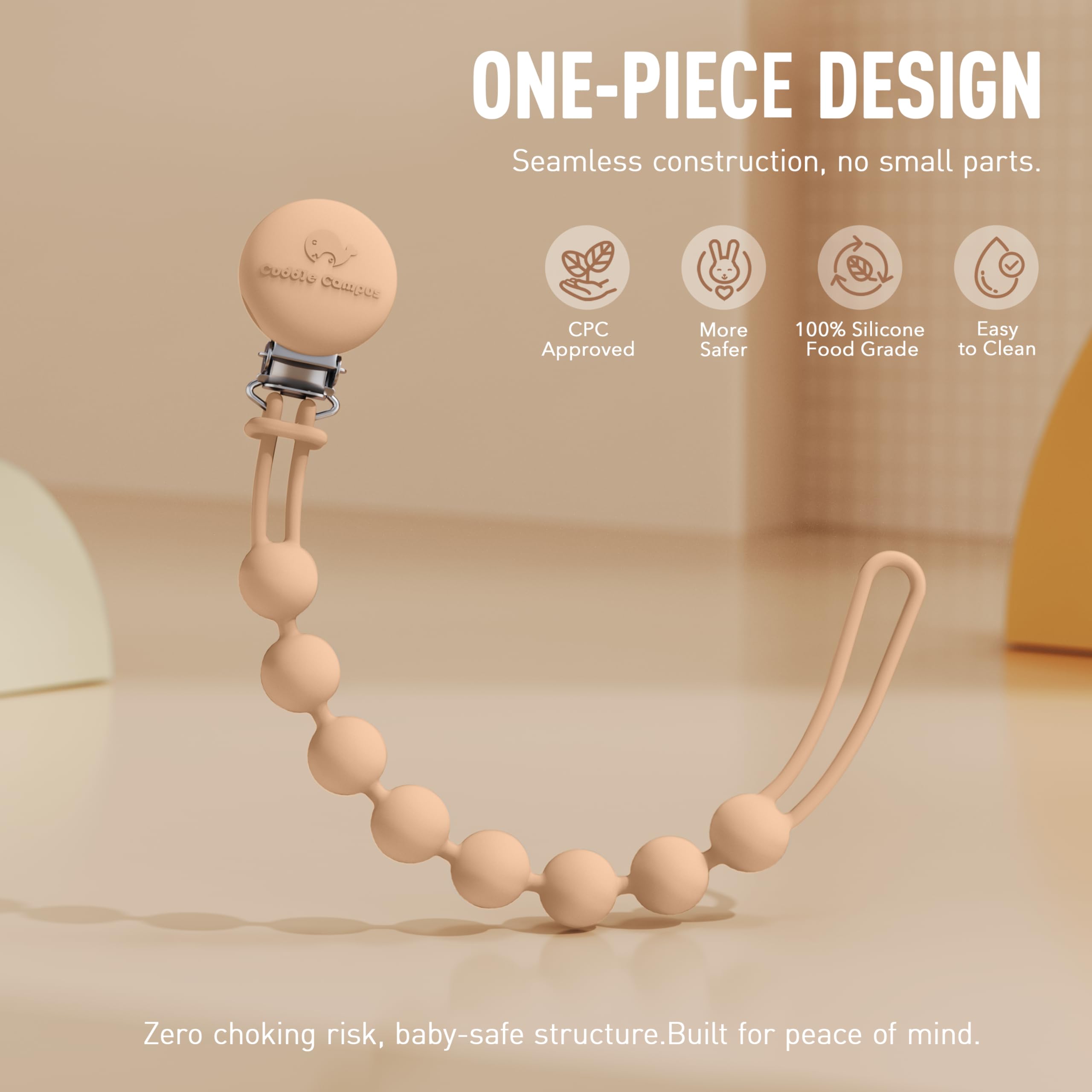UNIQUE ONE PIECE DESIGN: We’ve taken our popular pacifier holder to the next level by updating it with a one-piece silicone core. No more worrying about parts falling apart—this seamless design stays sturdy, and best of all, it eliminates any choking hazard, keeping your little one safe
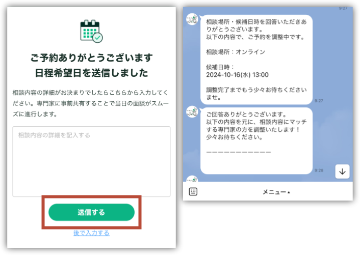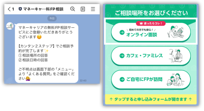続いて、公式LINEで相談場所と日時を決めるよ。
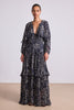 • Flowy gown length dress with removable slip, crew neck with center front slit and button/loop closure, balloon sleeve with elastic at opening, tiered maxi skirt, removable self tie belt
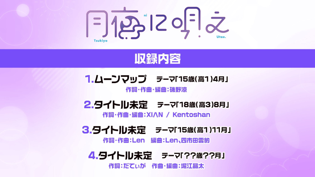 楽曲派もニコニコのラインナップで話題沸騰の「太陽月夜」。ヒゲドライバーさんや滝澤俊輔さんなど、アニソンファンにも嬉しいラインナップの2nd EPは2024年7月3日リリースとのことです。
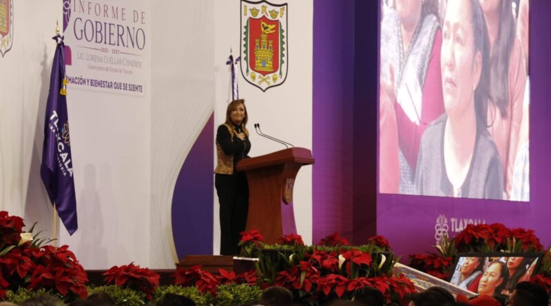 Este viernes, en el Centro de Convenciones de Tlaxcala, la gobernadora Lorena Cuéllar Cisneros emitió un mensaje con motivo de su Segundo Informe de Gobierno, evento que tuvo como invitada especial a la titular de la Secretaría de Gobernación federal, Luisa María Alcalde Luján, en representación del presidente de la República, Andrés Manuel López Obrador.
________________________________________
Leave out the pictures, and retype exactly the lines from the one containing "楽曲派もニコニコのラインナッ" through the last line of the data above, no more and no less.

◆ **Answer section**
 楽曲派もニコニコのラインナップで話題沸騰の「太陽月夜」。ヒゲドライバーさんや滝澤俊輔さんなど、アニソンファンにも嬉しいラインナップの2nd EPは2024年7月3日リリースとのことです。
 Este viernes, en el Centro de Convenciones de Tlaxcala, la gobernadora Lorena Cuéllar Cisneros emitió un mensaje con motivo de su Segundo Informe de Gobierno, evento que tuvo como invitada especial a la titular de la Secretaría de Gobernación federal, Luisa María Alcalde Luján, en representación del presidente de la República, Andrés Manuel López Obrador.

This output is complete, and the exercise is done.